- Work order
Using the data below, return the stretch from the line that contains "Kredki świecowe wykręcane" through the line that contains "Sản phẩm án", both included, exactly as it stands and nothing beyond it.

- Stored data
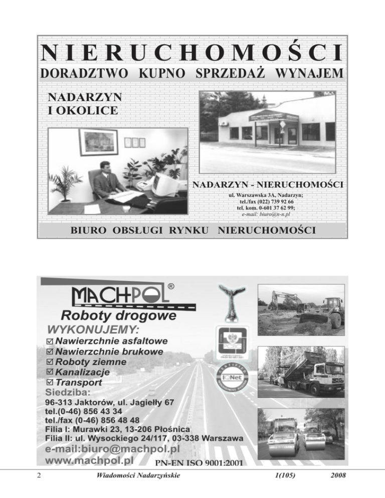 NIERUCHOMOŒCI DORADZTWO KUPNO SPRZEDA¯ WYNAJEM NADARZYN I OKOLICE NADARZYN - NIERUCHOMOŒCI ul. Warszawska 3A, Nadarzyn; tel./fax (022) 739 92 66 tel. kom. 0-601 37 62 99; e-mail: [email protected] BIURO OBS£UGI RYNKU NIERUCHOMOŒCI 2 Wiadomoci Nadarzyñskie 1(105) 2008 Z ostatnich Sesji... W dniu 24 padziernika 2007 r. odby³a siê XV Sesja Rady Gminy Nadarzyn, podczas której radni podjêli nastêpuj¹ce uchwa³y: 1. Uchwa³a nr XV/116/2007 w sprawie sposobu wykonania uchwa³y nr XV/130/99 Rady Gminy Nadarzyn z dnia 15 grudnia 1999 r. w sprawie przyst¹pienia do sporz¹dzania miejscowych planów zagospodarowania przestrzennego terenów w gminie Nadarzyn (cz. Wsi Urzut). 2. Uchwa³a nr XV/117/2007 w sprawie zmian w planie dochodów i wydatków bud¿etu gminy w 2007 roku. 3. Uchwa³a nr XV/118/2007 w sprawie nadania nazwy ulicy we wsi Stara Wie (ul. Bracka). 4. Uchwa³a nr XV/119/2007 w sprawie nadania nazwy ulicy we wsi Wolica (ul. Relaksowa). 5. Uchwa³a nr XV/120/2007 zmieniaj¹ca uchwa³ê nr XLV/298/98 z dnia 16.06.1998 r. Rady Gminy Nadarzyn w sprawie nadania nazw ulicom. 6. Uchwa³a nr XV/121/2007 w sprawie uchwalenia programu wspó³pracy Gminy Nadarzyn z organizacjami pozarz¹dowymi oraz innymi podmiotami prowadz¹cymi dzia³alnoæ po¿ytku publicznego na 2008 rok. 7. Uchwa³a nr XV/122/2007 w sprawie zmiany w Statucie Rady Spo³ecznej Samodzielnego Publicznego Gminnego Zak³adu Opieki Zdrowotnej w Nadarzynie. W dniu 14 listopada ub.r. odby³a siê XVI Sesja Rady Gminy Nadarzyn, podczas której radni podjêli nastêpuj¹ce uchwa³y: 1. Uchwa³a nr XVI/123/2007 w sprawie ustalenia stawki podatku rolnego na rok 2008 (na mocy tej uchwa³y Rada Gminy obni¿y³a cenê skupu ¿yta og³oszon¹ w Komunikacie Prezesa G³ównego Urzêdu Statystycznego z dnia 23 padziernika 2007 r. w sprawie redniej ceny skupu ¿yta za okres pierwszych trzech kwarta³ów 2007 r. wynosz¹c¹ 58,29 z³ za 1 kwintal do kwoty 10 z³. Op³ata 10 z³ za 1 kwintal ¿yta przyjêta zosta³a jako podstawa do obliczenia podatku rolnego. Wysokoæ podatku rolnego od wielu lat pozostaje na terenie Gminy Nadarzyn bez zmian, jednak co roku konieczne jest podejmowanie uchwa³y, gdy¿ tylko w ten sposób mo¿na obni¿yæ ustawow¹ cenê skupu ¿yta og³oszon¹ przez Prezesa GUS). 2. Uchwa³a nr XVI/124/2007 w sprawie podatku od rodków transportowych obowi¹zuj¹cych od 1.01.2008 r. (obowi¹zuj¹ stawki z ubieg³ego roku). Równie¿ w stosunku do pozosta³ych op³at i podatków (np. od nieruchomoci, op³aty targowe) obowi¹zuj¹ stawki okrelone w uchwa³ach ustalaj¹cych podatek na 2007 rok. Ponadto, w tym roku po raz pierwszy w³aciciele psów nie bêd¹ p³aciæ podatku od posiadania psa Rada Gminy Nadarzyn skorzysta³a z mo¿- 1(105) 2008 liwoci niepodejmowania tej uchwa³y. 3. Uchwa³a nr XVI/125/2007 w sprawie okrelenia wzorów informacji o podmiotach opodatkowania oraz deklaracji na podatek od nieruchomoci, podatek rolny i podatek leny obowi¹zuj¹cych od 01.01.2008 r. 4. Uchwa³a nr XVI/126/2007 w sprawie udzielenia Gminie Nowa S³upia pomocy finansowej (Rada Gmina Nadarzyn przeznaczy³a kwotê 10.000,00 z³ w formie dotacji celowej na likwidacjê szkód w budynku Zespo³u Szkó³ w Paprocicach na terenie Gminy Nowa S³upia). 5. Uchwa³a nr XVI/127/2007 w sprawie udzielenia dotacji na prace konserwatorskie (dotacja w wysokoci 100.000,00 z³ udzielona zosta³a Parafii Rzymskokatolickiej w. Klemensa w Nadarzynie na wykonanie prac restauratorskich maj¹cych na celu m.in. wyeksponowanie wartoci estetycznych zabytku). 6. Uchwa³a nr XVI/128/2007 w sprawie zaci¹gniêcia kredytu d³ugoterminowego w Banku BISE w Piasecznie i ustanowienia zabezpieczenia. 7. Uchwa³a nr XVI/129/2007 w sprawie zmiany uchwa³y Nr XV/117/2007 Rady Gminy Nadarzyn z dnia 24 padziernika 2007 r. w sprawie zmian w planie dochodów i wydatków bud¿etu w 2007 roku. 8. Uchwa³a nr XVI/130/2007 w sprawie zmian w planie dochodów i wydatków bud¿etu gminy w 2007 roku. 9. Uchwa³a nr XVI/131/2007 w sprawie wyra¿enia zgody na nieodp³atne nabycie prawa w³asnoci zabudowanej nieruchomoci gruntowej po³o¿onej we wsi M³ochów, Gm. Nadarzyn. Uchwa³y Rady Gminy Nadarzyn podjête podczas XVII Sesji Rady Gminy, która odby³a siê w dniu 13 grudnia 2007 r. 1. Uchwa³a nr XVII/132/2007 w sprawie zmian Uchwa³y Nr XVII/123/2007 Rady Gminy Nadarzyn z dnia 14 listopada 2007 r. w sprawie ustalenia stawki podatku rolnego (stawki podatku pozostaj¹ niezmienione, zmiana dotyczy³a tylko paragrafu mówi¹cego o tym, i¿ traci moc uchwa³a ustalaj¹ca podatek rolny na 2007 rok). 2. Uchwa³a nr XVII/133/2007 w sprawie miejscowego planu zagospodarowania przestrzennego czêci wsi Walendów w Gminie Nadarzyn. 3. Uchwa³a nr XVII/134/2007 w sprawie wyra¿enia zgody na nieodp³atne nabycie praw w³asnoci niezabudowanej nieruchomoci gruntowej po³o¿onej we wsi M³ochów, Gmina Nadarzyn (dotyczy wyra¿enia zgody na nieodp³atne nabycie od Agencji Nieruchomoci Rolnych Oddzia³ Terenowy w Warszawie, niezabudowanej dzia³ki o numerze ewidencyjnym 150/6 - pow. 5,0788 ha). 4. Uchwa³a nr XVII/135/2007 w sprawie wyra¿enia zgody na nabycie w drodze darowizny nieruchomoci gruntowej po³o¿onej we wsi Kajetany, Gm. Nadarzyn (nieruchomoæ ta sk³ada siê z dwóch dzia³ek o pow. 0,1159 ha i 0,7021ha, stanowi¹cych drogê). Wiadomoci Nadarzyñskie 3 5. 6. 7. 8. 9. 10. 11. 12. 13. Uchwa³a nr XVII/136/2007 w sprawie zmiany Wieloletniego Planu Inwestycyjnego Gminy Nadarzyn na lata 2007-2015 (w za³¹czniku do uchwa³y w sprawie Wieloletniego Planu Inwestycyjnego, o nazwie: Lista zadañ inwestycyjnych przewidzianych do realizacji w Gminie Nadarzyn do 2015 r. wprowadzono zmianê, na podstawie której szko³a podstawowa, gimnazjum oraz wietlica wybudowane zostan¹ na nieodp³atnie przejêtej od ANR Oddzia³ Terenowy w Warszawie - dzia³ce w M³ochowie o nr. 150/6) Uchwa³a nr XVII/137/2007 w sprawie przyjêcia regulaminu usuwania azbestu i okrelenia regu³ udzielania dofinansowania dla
--
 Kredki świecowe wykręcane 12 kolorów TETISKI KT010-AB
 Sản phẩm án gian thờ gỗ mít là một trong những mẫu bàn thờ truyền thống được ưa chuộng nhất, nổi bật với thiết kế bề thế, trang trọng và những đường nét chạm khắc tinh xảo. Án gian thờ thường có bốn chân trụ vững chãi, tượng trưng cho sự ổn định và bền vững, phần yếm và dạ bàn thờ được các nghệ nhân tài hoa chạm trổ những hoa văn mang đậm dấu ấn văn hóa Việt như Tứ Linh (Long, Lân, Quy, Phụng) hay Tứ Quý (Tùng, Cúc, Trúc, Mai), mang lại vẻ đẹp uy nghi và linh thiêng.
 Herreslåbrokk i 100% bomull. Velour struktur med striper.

- Task answer
 Kredki świecowe wykręcane 12 kolorów TETISKI KT010-AB
 Sản phẩm án gian thờ gỗ mít là một trong những mẫu bàn thờ truyền thống được ưa chuộng nhất, nổi bật với thiết kế bề thế, trang trọng và những đường nét chạm khắc tinh xảo. Án gian thờ thường có bốn chân trụ vững chãi, tượng trưng cho sự ổn định và bền vững, phần yếm và dạ bàn thờ được các nghệ nhân tài hoa chạm trổ những hoa văn mang đậm dấu ấn văn hóa Việt như Tứ Linh (Long, Lân, Quy, Phụng) hay Tứ Quý (Tùng, Cúc, Trúc, Mai), mang lại vẻ đẹp uy nghi và linh thiêng.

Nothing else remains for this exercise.